- [Exercise details]
Go through the data below and gather each line containing "with".

- [Data extracts]

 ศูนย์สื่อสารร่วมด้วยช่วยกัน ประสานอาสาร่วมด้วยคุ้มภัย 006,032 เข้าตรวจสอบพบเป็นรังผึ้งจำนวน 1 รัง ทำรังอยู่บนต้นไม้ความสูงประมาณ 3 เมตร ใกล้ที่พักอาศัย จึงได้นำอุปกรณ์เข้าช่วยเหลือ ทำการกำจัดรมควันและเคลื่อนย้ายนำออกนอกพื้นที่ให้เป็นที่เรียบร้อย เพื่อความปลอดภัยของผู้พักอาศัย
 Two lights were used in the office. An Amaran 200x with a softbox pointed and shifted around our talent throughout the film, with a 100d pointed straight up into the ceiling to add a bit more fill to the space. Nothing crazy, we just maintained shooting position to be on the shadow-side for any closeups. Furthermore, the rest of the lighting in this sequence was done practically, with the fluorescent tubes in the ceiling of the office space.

* * *

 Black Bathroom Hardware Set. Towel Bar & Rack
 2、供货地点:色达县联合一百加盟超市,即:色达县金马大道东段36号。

---

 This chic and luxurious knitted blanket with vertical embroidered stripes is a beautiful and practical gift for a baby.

- [Answer box]
 Two lights were used in the office. An Amaran 200x with a softbox pointed and shifted around our talent throughout the film, with a 100d pointed straight up into the ceiling to add a bit more fill to the space. Nothing crazy, we just maintained shooting position to be on the shadow-side for any closeups. Furthermore, the rest of the lighting in this sequence was done practically, with the fluorescent tubes in the ceiling of the office space.
 This chic and luxurious knitted blanket with vertical embroidered stripes is a beautiful and practical gift for a baby.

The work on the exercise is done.